Fapesc contesta valores divulgados pela Operação PHD
Apesar de ter denunciado a situação para a Polícia Civil, Fábio Pinto não concorda com os valores divulgados pela Operação PHD, que apontou um rombo de R$ 20 milhões nos cofres públicos.
"Não é nem perto do que vai acontecer aos caixas públicos. Na verdade, R$ 20 milhões é o total dos dois editais, que não foram nem contratados. Então, se tudo der errado, se todos forem irregulares, o que eu não acredito que seja o caso, isso vai estar limitado a R$ 1,4 milhões", contestou o presidente da fundação. "Eu honestamente desacredito que tenhamos ali 14 pessoas desonestas nesse edital", acrescentou.

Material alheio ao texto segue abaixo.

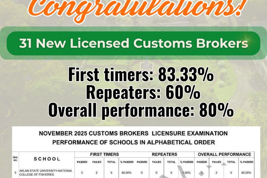 ASU proudly celebrates the strong performance of its examinees in the November 2025 Customs Brokers Licensure Examination:

Operação PHD segue em andamento
A Operação PHD, da Polícia Civil, foi deflagrada na terça-feira (10). Foram cumpridos, ao todo, 14 mandados de busca e apreensão em cidades catarinenses, como Florianópolis, São José, Tubarão, São Pedro de Alcântara e Caxambu do Sul. As ordens judiciais também foram executadas nas cidades gaúchas de Passo Fundo, Taquari e Santa Maria.
O esquema foi descoberto pela fundação ainda em 2024, durante uma fiscalização interna. Na sequência, a Fapesc contatou a Polícia Civil. "Dentro da fundação, nós não temos a capacidade de investigação. A gente recebe uma denúncia, e diante do fato, nós procuramos orientação a qual é o órgão de investigação. E nesse caso, a Controladoria Geral do Estado nos encaminhou para a Polícia Civil", informa o presidente da entidade.

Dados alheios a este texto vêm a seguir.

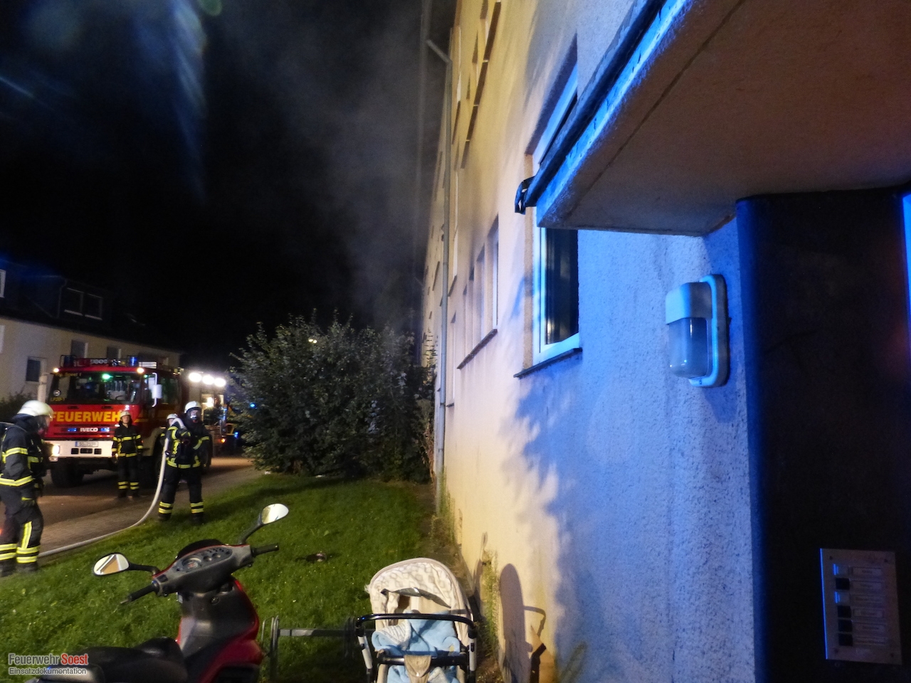 Gegen 02:55 Uhr wurden durch die Rettungsleitstelle die beiden Löschzüge der Innenstadt zu einem gemeldeten Küchenbrand alarmiert. Über Funk wurde den ehrenamtlichen Kräften mitgeteilt, dass sich noch Personen im Gebäude aufhalten sollen. Beim Eintreffen der ersten Kräfte drang bereits schwarzer Rauch aus den Fenstern der Wohnung. Umgehend wurde ein Trupp unter schwerem Atemschutz zur Brandbekämpfung in die Brandwohnung geschickt. Zusätzlich wurde ein weiterer Trupp damit beauftragt, die darüber liegenden Wohnungen zu kontrollieren. So konnte sichergestellt werden, dass alle Bewohner das Mehrfamilienhaus verlassen haben. Glücklicherweise war dies der Fall und es hielt sich niemand mehr im Gebäude auf.

Segundo ele, o servidor envolvido já havia sido exonerado, antes mesmo da denúncia de participação no esquema. "Nós já havíamos exonerado ele antes de ocorrer a denúncia, por incompetência, por não satisfazer os nossos processos de trabalho e assim por diante. E agora a gente está vendo que esse mesmo servidor, que exonerado já por certa deficiência, tinha essa participação nesse processo", explica.
Para Fábio Pinto, o que foi visto foi apenas uma parte da investigação. "Depois vai haver a denúncia, a questão vai ser julgada, vai ser encaminhada. A gente está no meio da execução e acho que o recado que fica para quem pega recurso nosso é que tome o uso correto disso. Porque se nós detectamos, se o governo do Estado detecta, nós temos instrumentos para perceber quando a coisa acontece de forma errada", finaliza.
Pesquisadores também emitiram declarações falsas de residência
A investigação revelou um esquema de rachadinha, apontado pela Polícia Civil como “robusto” e “audacioso”. Os pesquisadores beneficiários eram obrigados a repassar um percentual do valor mensal da bolsa de pesquisa para os mentores do grupo em troca da facilitação na aprovação dos projetos.
Além dos desvios financeiros, os pesquisadores teriam utilizado, em tese, declarações de residência falsas com endereços fictícios em Santa Catarina para burlar as exigências de territorialidade dos editais, já que alguns dos pesquisadores selecionados residiam no Rio Grande do Sul e até no exterior.
A operação contou com o apoio das Delegacias Especializadas da Deic e de equipes da Polícia Civil do Rio Grande do Sul.